Action item: The printed result should hold only the lines from the opening of the data through the line bearing "男性向けラノベタイトル風あだ名 | 『はるまきごはんの嫁は女の子じゃないと思った?』 |", exactly as given and without pictures.
*** Opening of Data block ***
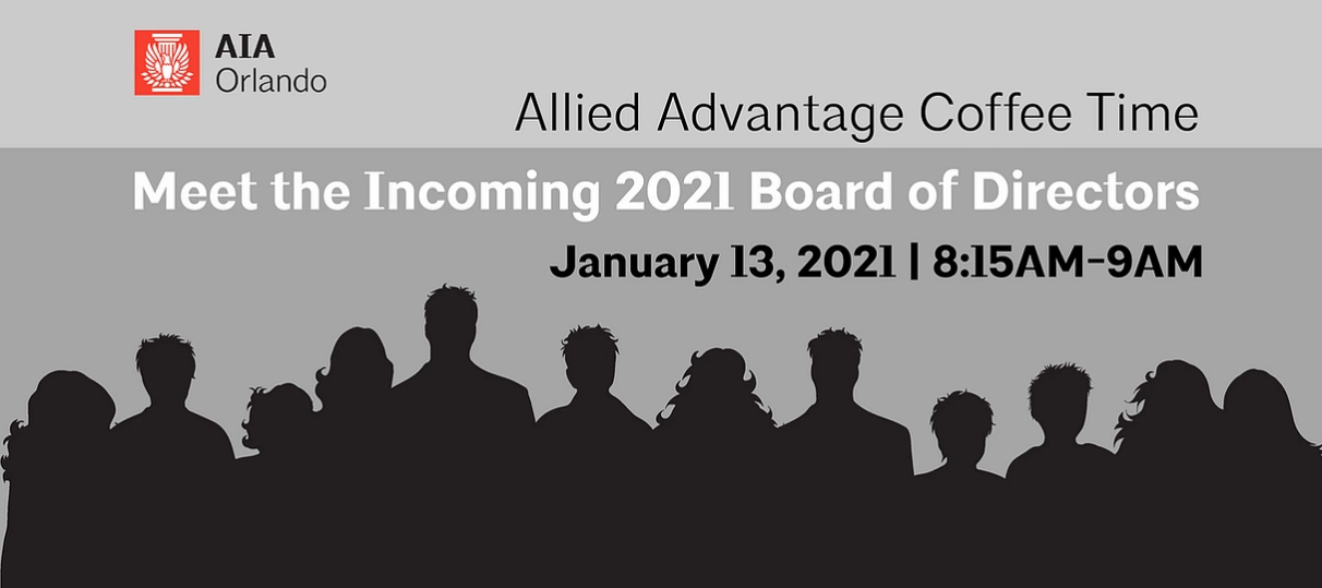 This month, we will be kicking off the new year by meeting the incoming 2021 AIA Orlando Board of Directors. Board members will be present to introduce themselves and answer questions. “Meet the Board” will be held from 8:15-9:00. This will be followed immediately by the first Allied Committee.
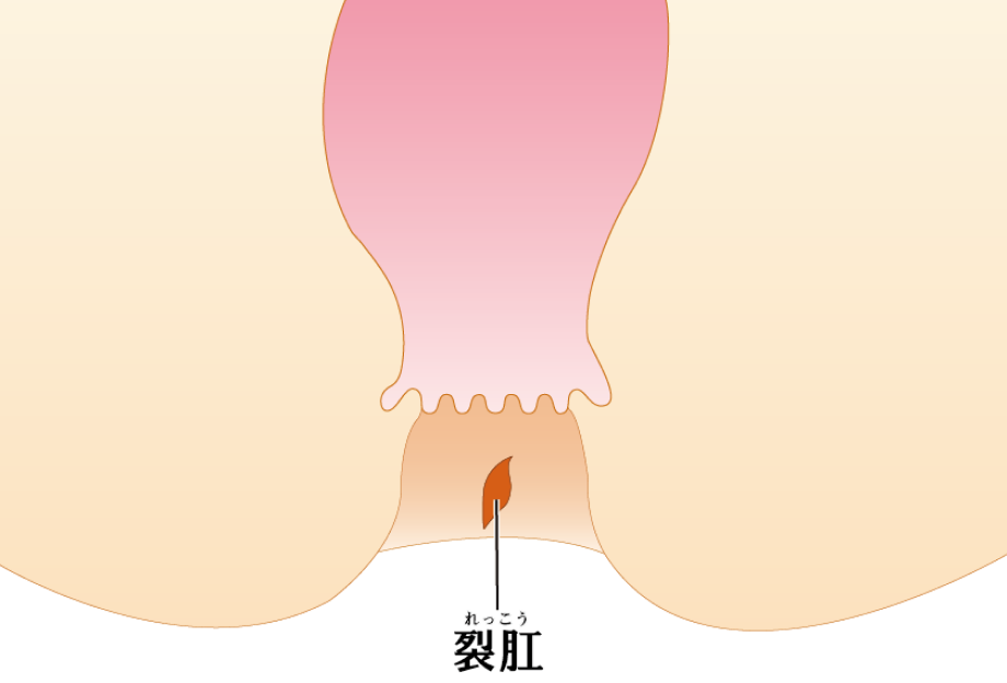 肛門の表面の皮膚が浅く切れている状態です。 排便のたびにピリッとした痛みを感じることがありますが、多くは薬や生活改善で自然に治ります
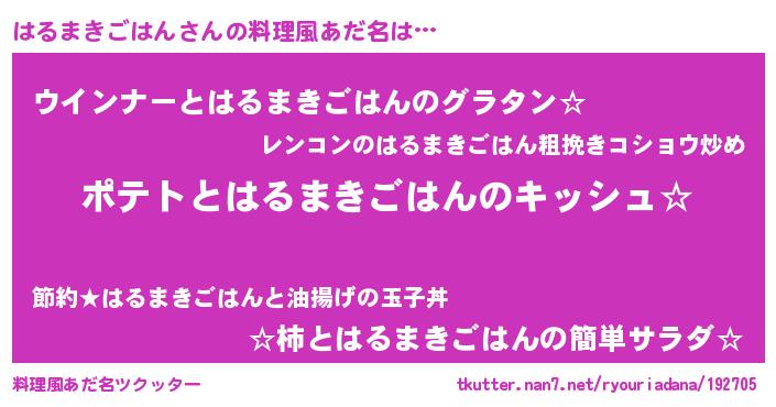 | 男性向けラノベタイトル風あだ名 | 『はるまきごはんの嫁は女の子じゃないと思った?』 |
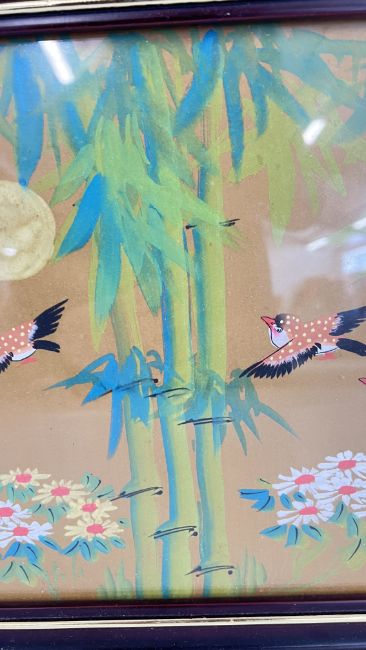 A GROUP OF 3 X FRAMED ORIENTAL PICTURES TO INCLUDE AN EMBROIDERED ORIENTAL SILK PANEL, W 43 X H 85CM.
*** Close of Data block ***
Output for this task:
 This month, we will be kicking off the new year by meeting the incoming 2021 AIA Orlando Board of Directors. Board members will be present to introduce themselves and answer questions. “Meet the Board” will be held from 8:15-9:00. This will be followed immediately by the first Allied Committee.
 肛門の表面の皮膚が浅く切れている状態です。 排便のたびにピリッとした痛みを感じることがありますが、多くは薬や生活改善で自然に治ります
 | 男性向けラノベタイトル風あだ名 | 『はるまきごはんの嫁は女の子じゃないと思った?』 |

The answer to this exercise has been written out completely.